Politician who helped bring down ruling party joins it in a coalition trying to fix economy

Ichiro Ozawa was once the bad boy of Japanese politics, the guy who threatened to break down the old system and build something new.

These days he's back in the fold. Last week Mr. Ozawa and his Liberal Party signed a coalition agreement with the ruling Liberal Democratic Party - the very same group Ozawa abandoned in 1993.

The support of the Liberals will give the LDP added firepower in the agenda-setting lower house of Japan's parliament, where it already holds a majority. And it brings the ruling party to within 11 votes of a majority in the upper house.

That strength will make setting economic policy and passing next year's budget easier, adding longevity to the administration of Prime Minister Keizo Obuchi. But some analysts don't see it as a sign of stability, but an indication of the fragility of Japan's political establishment.

Ronald Morse, a professor of business and economics at Reitaku University just outside Tokyo, notes that Ozawa's track record hasn't been too great in recent years. Once considered a master behind-the-scenes strategist, the alliances he has formed since 1993 have fractured. The parties he has led have suffered at the polls.

KUNIKO Inoguchi, a politics professor at Tokyo's Sophia University, calls Ozawa's return a "back to the future" scenario. "What were they doing," she wonders of the Liberal Party and its predecessors, "during the last five years when voters were given the hope of a two-party system?"

Ozawa left the LDP saying he wanted to bring some ideological coherence to Japan's politics, which have long turned more on personality than policy. The LDP is a collection of factions and interest-group representatives whose cohesion has everything to do with staying in power and little to do with shared political ideas.

The defection of Ozawa and others did result in the 1993 defeat of the LDP, but not for long.
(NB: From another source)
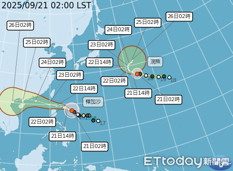 中度颱風樺加沙持續接近台灣,中央氣象署今(21日)日上午8時30分發布海上颱風警報,首波警戒範圍包括台灣東南部海面(含蘭嶼、綠島)及巴士海峽。
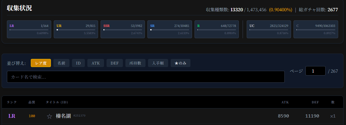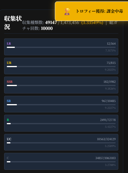 | … | 7026/03/12(木)01:39:20No.1409905533+レアリティ別収集状況みるとSR以上確定パックちゃんと機能してんだなって感動する |

Since mid-1994, the LDP has been part of ruling coalitions or managed to govern alone. In the meantime, Ozawa failed to group politicians together along policy lines and the LDP has remained as ideologically inconsistent as it has always been.
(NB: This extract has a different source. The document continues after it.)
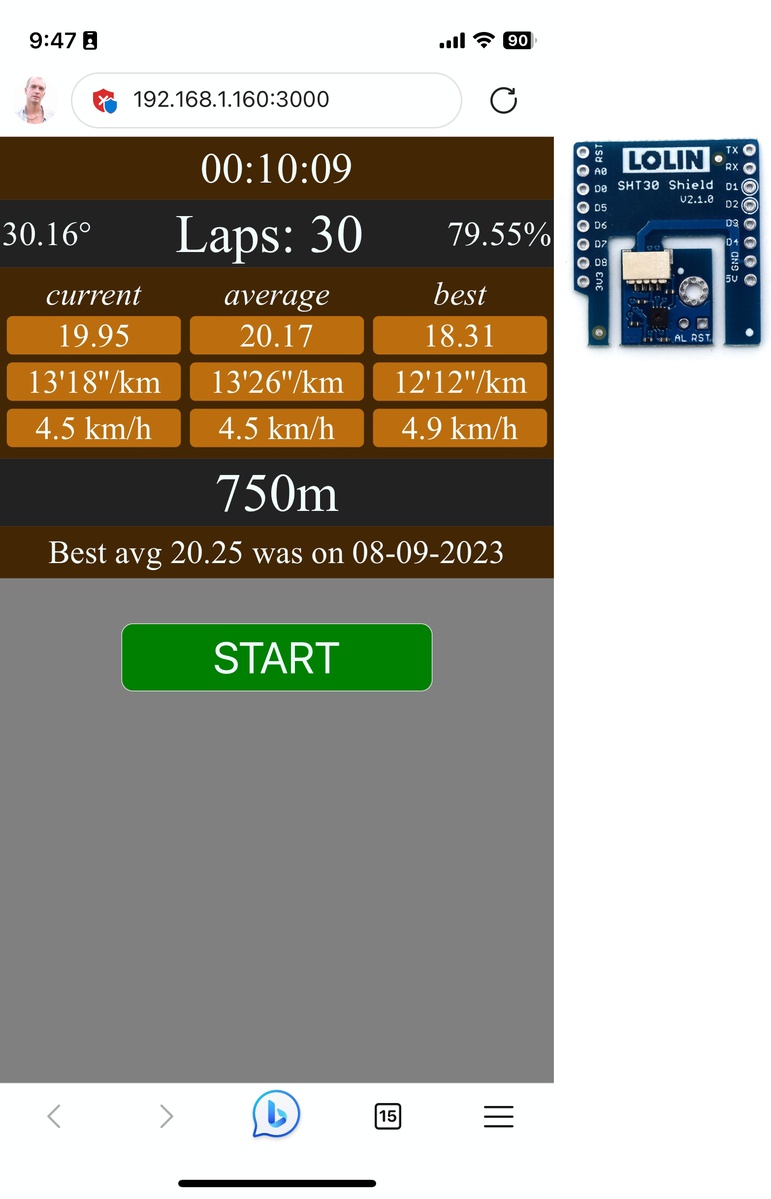 As you can see in the image left and right of the laps counter, the temperature was over 30 degrees Celsius and the humidity was almost 80% (I live in South East Asia). The temperature and specially the humidity differs from day to day and between early mornings and afternoons. So adding this information to the app and to the AWS Dynamo database is a good way to analyze how big of an influence this has on my performance.

Some LDP members worry that Ozawa remains true to his agenda and is entering into a coalition in order to fracture the party from within. But even those most opposed to Ozawa won't jump ship, says one upper house member, who requested anonymity. "I don't think they'll leave the LDP because this will only benefit Ozawa. His real purpose is to divide the LDP into several groups."

Morse doesn't predict that the LDP will fracture along policy lines, but that the nation's dire economic situation will force voters to turn elsewhere. So far, the LDP has relied on traditional policies to lift the country out of a decade of economic stagnation; it has poured money into public works and other stimulus projects.

This strategy has the important benefit of helping the party's key constituencies: the agricultural and construction industries. Just a week ago, the party unveiled a $196 billion package, which many economists dismissed as more of the same.

Despite these infusions of cash, the recession is starting to hit home here. Unemployment is rising, economic anxiety abounds, and retailers and service-providers are scrambling to keep consumers interested. The old social contract, in which a majority of voters backed the LDP in exchange for economic egalitarianism and stability, is already looking crumpled and frayed.

If the party's "muddling through" tactics fail, the greatest beneficiary could be the Democratic Party of Japan, currently the largest opposition party. This group did well in upper house elections this summer, but its leader, Naoto Kan, has recently had to deny scandal accusations that make him look more like an old-school politico than a reformer.

"In the long term," says Ms. Inoguchi, Ozawa's return to the LDP fold "could be good for the DPJ."

Morse adds that it may be a waste of time to look for the emergence of ideologically coherence in Japan's politics. "The whole agenda is being driven by the decline of the economy."